(SUPPLIED INFORMATION begins)

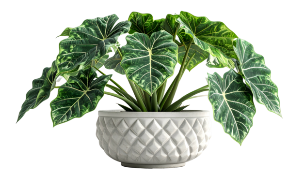 Close-up of bright green Calathea lutea leaf shows distinct veins and texture on a white background
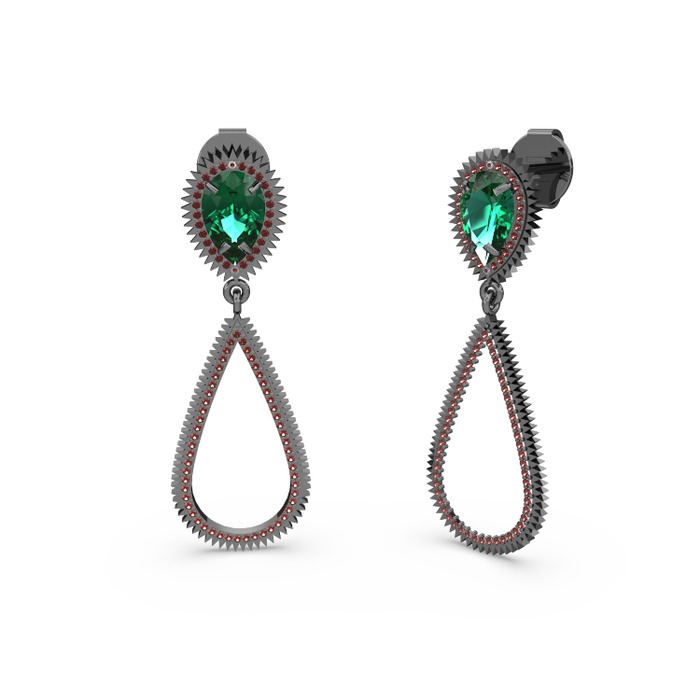Garnet ve yeşil kuvars 925 ayar siyah rodyum kaplama gümüş küpe
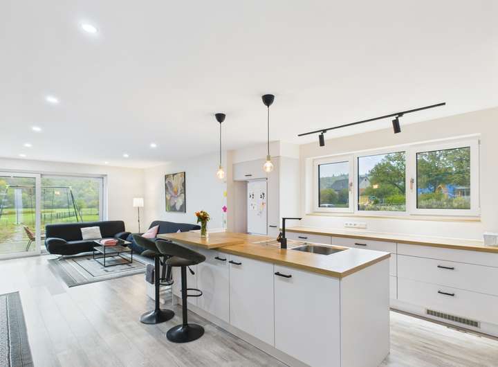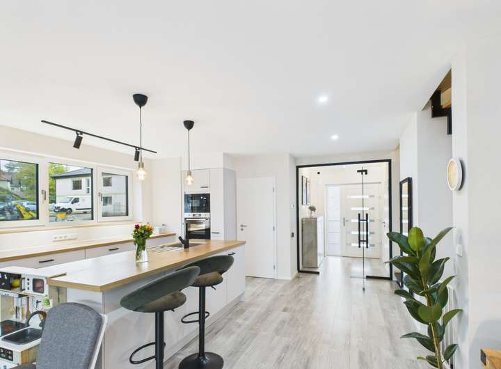 Die Immobilie besticht durch ihre massive Bauweise und die Energieeffizienzklasse A, realisiert durch eine moderne Wärmepumpe und vollflächige Fußbodenheizung in allen Räumen. Sämtliche Zimmer sind mit LAN-Anschlüssen ausgestattet, was optimale Voraussetzungen für Arbeiten im Homeoffice schafft.
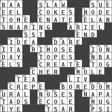 ACROSS 1. Sound made by sheep 4. Cole _ (cabbage dish) 8. Institute legal proceedings 11. Snakelike fish 12. Popular sodas 14. Method 15. Heavy book 17. Maternal 18. Style 19. Catching in a trap 21. Satellite of Uranus 23. Fast jet (abbr.) 24. Conclude 25. It may be bright or harebrained 27. Have the gumption 30. Call ___ day 31. Full of chinks, cracks, or crevices 34. Electrically charged atom 37. 24 hours 38. Drinks excessively 39. Basketball assoc. 40. Raised railways 41. Make 43. Coat; cloak 44. "Mermaids" star 45. Undercover agent 47. Afternoon social gathering 49. 54 in ancient Rome 50. Streamer paper 52. Mood resulting from idleness 56. Mountain range 57. Olfactory organs 60. California wine valley 61. Small amounts or degrees 62. Learning spot: Fr. 63. Large cup 64. Sight organ 65. Russian ruler of old 66. 23rd letter of the Greek alphabet DOWN 1. Stakes 2. A really long time 3. _ mater 4. Odor 5. Protracted 6. Alias (abbr.) 7. Soggy 8. Having a sole or soles 9. Hereditary estate 10. Car or cant ending 13. Ocean 14. Chow _ 16. Celtic language 20. Austrian river, tributary to the Danube 22. To sift 25. Slanted text style (abbr.) 26. 24-hour periods 27. Drug addict 28. At sea 29. Relief 30. Binary compound 32. Hankering 33. Greater amount 34. International (abbr.) 35. Mitch Miller's instrument 36. Tired old horse 42. Independent ruler or chieftain 44. Head covering 46. Baking chamber 47. Barter 48. Snakelike fish 49. Failure 50. Supercomputer manufacturer 51. Compass dir. 52. Actor Lugosi 53. Moist 54. Musical composition 55. Wise men 56. Shoshoni 58. Sep. follower 59. Mayday

(SUPPLIED INFORMATION ends)

## TASK INSTRUCTIONS
For this exercise, write out the listing verbatim and leave every image out.

## SOLUTION
 Close-up of bright green Calathea lutea leaf shows distinct veins and texture on a white background
Garnet ve yeşil kuvars 925 ayar siyah rodyum kaplama gümüş küpe
 Die Immobilie besticht durch ihre massive Bauweise und die Energieeffizienzklasse A, realisiert durch eine moderne Wärmepumpe und vollflächige Fußbodenheizung in allen Räumen. Sämtliche Zimmer sind mit LAN-Anschlüssen ausgestattet, was optimale Voraussetzungen für Arbeiten im Homeoffice schafft.
 ACROSS 1. Sound made by sheep 4. Cole _ (cabbage dish) 8. Institute legal proceedings 11. Snakelike fish 12. Popular sodas 14. Method 15. Heavy book 17. Maternal 18. Style 19. Catching in a trap 21. Satellite of Uranus 23. Fast jet (abbr.) 24. Conclude 25. It may be bright or harebrained 27. Have the gumption 30. Call ___ day 31. Full of chinks, cracks, or crevices 34. Electrically charged atom 37. 24 hours 38. Drinks excessively 39. Basketball assoc. 40. Raised railways 41. Make 43. Coat; cloak 44. "Mermaids" star 45. Undercover agent 47. Afternoon social gathering 49. 54 in ancient Rome 50. Streamer paper 52. Mood resulting from idleness 56. Mountain range 57. Olfactory organs 60. California wine valley 61. Small amounts or degrees 62. Learning spot: Fr. 63. Large cup 64. Sight organ 65. Russian ruler of old 66. 23rd letter of the Greek alphabet DOWN 1. Stakes 2. A really long time 3. _ mater 4. Odor 5. Protracted 6. Alias (abbr.) 7. Soggy 8. Having a sole or soles 9. Hereditary estate 10. Car or cant ending 13. Ocean 14. Chow _ 16. Celtic language 20. Austrian river, tributary to the Danube 22. To sift 25. Slanted text style (abbr.) 26. 24-hour periods 27. Drug addict 28. At sea 29. Relief 30. Binary compound 32. Hankering 33. Greater amount 34. International (abbr.) 35. Mitch Miller's instrument 36. Tired old horse 42. Independent ruler or chieftain 44. Head covering 46. Baking chamber 47. Barter 48. Snakelike fish 49. Failure 50. Supercomputer manufacturer 51. Compass dir. 52. Actor Lugosi 53. Moist 54. Musical composition 55. Wise men 56. Shoshoni 58. Sep. follower 59. Mayday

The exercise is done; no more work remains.